Here’s the quote. This is from the opening essay of My Sister, Guard Your Veil; My Brother, Guard Your Eyes, a collection of essays by Iranian writers, artists, and intellectuals. The essay is The Stuff Dreams are Made Of, by Azar Nafisi (known to you, perhaps, as the author of Reading Lolita in Tehran). Here she talks about women’s struggle in Iran, before, during, and after the Islamic Revolution, including some things that even well-meaning folks in the United States (let alone the bellowing blowhard brigade) tend to forget:

In the fall of 1979, I was teaching Huckleberry Finn and The Great Gatsby in spacious classrooms on the second floor of the University of Tehran, without actually realizing the extraordinary irony of our situation: in the yard below, Islamist and leftist students were shouting Death to America, and a few streets away, the U.S. embassy was under siege by a group of students claiming to follow the path of the imam. Their imam was Khomeini, and he had waged a war on behalf of Islam against the heathen West and its myriad internal agents. This was not purely a religious war. The fundamentalism he preached was based on the radicla Western ideologies of communism and fascism as much as it was on religion. Nor were his targets merely political; with the support of leftist radicals he led a bloody crusade against Western imperialism: women’s and minorities’ rights, cultural and individual freedoms. This time, I realized, I had lost my connection to that other home, the America I had learned about in Henry James, Richard Wright, William Faulkner, and Eudora Welty.

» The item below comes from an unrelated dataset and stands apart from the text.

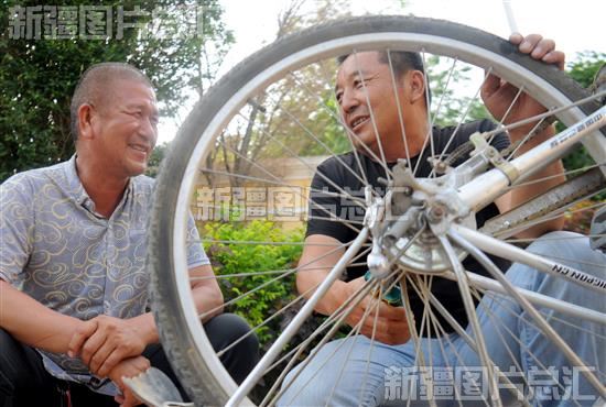 2023年6月20日,“石榴籽服务站”工作人员为村民修理自行车。
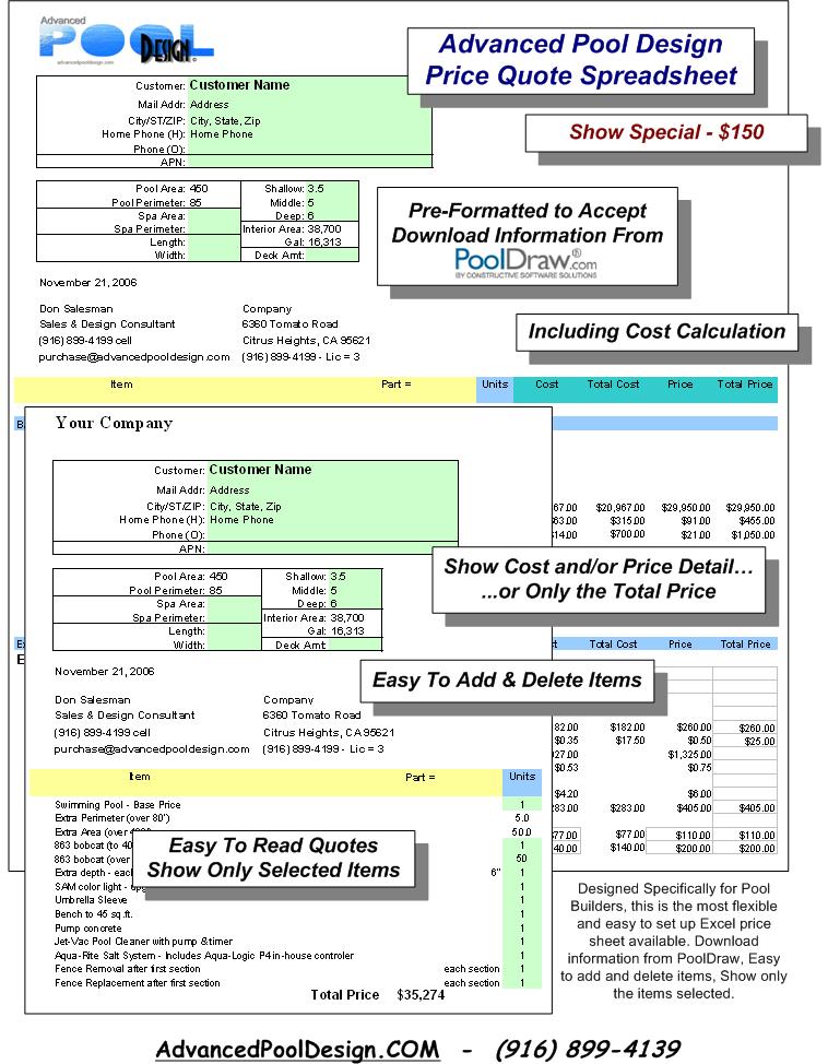 Excel Price Quote Spread Sheet Pre-Formatted to Accept Download Information From PoolDraw... ...Or Works as a Stand-Alone Pricing Program

In Tehran, the first step the new regime took before implementing a new constitution was to repeal the Family Protection Law which, since 1967, had helped women work outside the home and provided them with substantial rights in their marriage. In its place, the traditional Islamic law, the Sharia, would apply. In one swoop the new rulers had set Iran back nearly a century. Under the new system, the age of marital consent for girls was altered from eighteen to nine. Polygamy was made legal as well as temporary marriages, in which one man could marry as many women as he desired by contract, renting them from five minutes to ninety-nine years. What they named adultery and prostitution became punishable by stoning.

Ayatollah Khomeini justified these actions by claiming that he was in fact restoring women’s dignity and rescuing them from the degrading and diabolical ideas that had been thrust upon them by Western imperialists and their agents, who had conspired for decades to destroy Iranian culture and traditions.

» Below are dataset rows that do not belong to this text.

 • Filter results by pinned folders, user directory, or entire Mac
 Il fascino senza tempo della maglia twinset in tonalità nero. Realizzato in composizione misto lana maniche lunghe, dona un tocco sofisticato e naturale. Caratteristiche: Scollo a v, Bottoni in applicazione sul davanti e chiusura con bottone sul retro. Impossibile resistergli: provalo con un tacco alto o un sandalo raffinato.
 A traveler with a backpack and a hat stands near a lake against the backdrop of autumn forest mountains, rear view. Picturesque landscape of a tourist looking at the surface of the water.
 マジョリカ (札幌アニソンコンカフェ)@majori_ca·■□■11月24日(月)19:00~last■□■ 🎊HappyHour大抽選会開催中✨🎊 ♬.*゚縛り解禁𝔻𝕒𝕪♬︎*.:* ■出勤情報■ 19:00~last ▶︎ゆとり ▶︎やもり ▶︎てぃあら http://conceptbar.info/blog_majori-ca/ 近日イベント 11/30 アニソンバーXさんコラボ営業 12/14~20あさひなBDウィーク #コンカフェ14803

In formulating this claim, the Islamic regime not only robbed the Iranian people of their rights, it robbed them of their history. For the true story of modernization in Iran is no that of an outside force imposing alien ideas or–as some opponents of the Islamic regime contend–that of a benevolent shah bestowing rights upon his citizens. From the middle of the nineteenth century, Iran had begun a process of self-questioning and transformation that shook the foundations of both political and religious despotism. In this movement for change, many sectors of the population–intellectuals, minorities, clerics, ordinary people, and enlightened women–actively participated, leading to what is known as the 1906 Constitutional Revolution and the effective implementation of a new constitution based on the Belgian model. Women’s courageous struggles for their rights in Iran became the most obvious manifestation of this transformation. Morgan Shuster, an American who had lived in Iran, even stated in his 1912 book, The Strangling of Persia: The Persian women since 1907 had become almost at a bound the most progressive, not to say the most radical, in the world. That this statement upsets the ideas of centuries makes no difference. It is the fact.

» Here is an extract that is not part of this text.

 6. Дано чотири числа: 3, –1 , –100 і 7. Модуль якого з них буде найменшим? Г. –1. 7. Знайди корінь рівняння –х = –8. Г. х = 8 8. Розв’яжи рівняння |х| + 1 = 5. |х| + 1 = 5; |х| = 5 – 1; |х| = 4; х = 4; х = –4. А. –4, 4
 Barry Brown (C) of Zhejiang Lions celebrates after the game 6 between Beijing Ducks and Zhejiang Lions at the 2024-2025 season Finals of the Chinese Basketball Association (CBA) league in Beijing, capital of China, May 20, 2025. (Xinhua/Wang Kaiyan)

By 1979, at the time of the revolution, women were active in all areas of life in Iran. The number of girls attending schools was on the rise. The number of female candidates for universities had increased sevenfold during the first half of the 1970s. Women were encouraged to participate in areas previously closed to them through a quota system that offered preferential treatment to eligible girls. Women were scholars, police officers, judges, pilots, and engineers–present in every field except the clergy. In 1978, 333 out of 1,660 candidates for local councils were women. Twenty-two were elected to the Parliament, two to the Senate. There was one female Cabinet minister, three sub-Cabinet undersecretaries (including the second-highest ranking officials in both the Ministry of Labor and the Ministry of Industries), one governor, one ambassador, and five mayors.

After the demise of the shah, many women, in denouncing the previous regime, did so demanding more rights, not less. They were advanced enough to seek a more democratic form of governance with rights to political participation. From the very start, when Islamists attempted to impose their laws against women, there were massive demonstrations, with hundreds of thousands of women pouring into the streets of Tehran protesting against the new laws. When Khomeini announced the imposition of the veil, there were protests in wihch women took to the streets with the slogans: Freedom is neither Eastern nor Western; it is global and Down with the reactionaries! Tyranny in any form is condemned! Soon the protests spread, leading to a memorable demonstration in front of the Ministry of Justice, in which an eight-point manifesto was issued. Among other things, the manifesto called for gender equality in all domains of public and private life as well as for the guarantee of fundamental freedoms for both men and women. It also demanded that the decision over women’s clothing, which is determined by custom and the exigencies of geographical location, be left to women.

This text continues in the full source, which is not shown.